Dans le doute, les forums, essais et dossiers techniques permettent de recouper les informations. Une CB500 bien documentée inspire confiance, une moto floue sur son passé mérite davantage de prudence. C’est souvent là que se joue la bonne affaire ou le faux bon plan.
Pour quel public et quels usages la CB500 d’occasion est-elle réellement intéressante ?
La CB500 d’occasion vise un public très large. Elle convient aux jeunes permis A2, aux conducteurs qui veulent une moto simple et économique, ainsi qu’aux personnes qui recherchent une machine facile à vivre. Sa selle basse et sa mécanique accessible en font aussi une bonne candidate pour les gabarits modestes ou les usages urbains et périurbains.

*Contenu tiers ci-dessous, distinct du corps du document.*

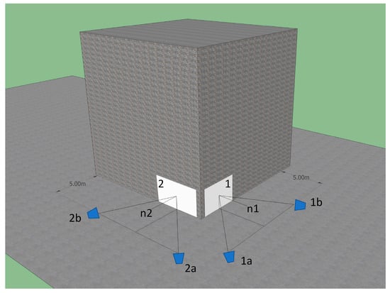 To verify the proposed method, different measurements were carried out on the façade of a corner room using four different loudspeaker positions. The obtained results made it possible to experimentally determine the standardized level differences and to compare them with the simulations. The measurements were performed on a room at the ground floor of the Mathematics Department—University of Brescia, having dimensions of 6 m × 4 m × 2.9 m (Figure 6). An omnidirectional source was placed in four positions outside the room (1a, 1b, 2a, 2b in Figure 7) and a Larson & Davis 831 analyzer was used to measure the sound pressure levels. The reverberation time was measured using the sound level meter and an impulsive source.
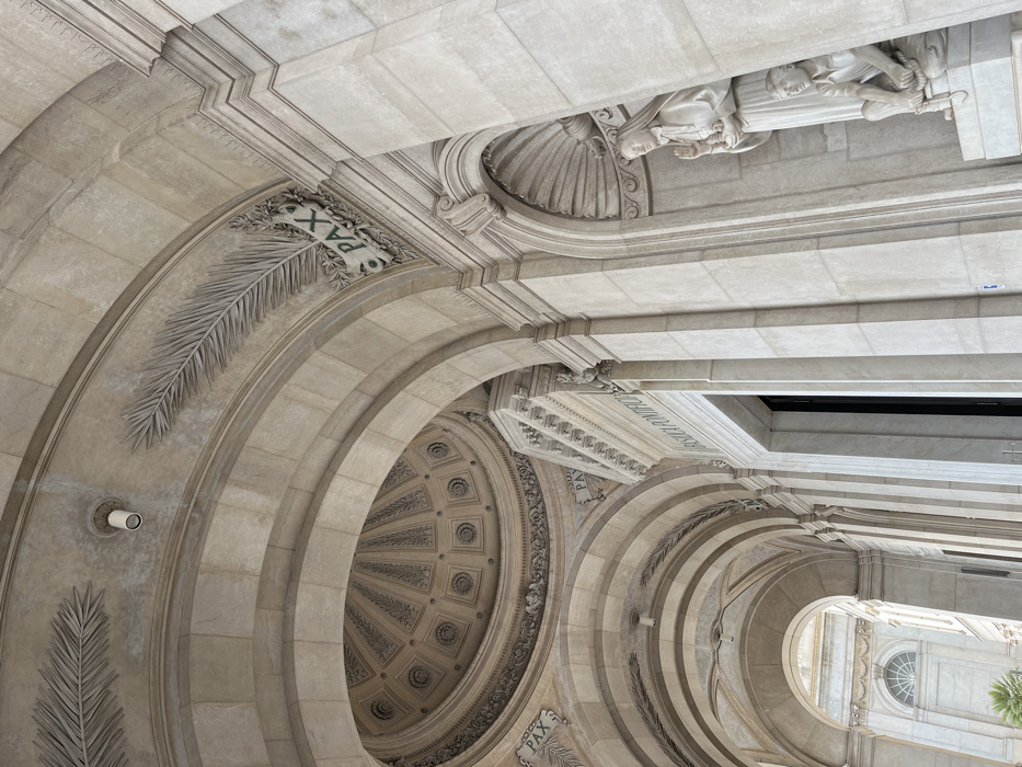 The image depicts the exterior of the Pontifical Shrine of the Blessed Virgin of the Rosary of Pompei (Pontificio Santuario della Beata Vergine del Santo Rosario di Pompei) in Pompei, Italy. The scene is an upward-angled view of a grand stone architectural structure featuring multiple receding arched porticos constructed from light-colored stone. The undersides of the arches are adorned with carved palm frond motifs, and the Latin word "PAX" is inscribed within decorative elements on two archways. A central, intricate coffered dome is visible through the arches. A small, white, cylindrical security camera is mounted on the ceiling of one of the archways. To the right, within a shell-decorated niche, stands a white marble statue group on a stepped pedestal. The primary figure is a robed and veiled female, standing with her right hand raised in a gesture and her left hand holding an object, possibly a rosary. Below and in front of her, a male youth kneels, focused on securing something around his lower leg. The inscription "BASILICA PONTIFICIA" is visible above a dark, recessed entranceway. In the distant background, beyond the main arches, another stone building with an arched window and a palm tree are partially visible. The scene is uniformly illuminated by natural light.

Elle est particulièrement pertinente pour les trajets domicile-travail, les balades du week-end et l’apprentissage en douceur. Sa puissance limitée à 47 ch rassure sans brider totalement le plaisir de rouler. Sa stabilité, son autonomie et son coût d’usage raisonnable permettent aussi d’envisager des trajets plus longs avec sérénité.
Face à certaines concurrentes plus récentes ou plus démonstratives, la CB500 garde un avantage clair, elle fait bien le travail sans surjouer. On l’achète pour sa robustesse, son entretien contenu, sa diffusion large et la disponibilité des pièces. Sur le marché de l’occasion, cette abondance joue en sa faveur, car il est plus simple de trouver un exemplaire, des conseils et des composants adaptés.
Au final, la Honda CB500 reste une valeur sûre pour qui cherche une moto cohérente, accessible et durable, avec une vraie logique de coût maîtrisé et de fiabilité sur la durée.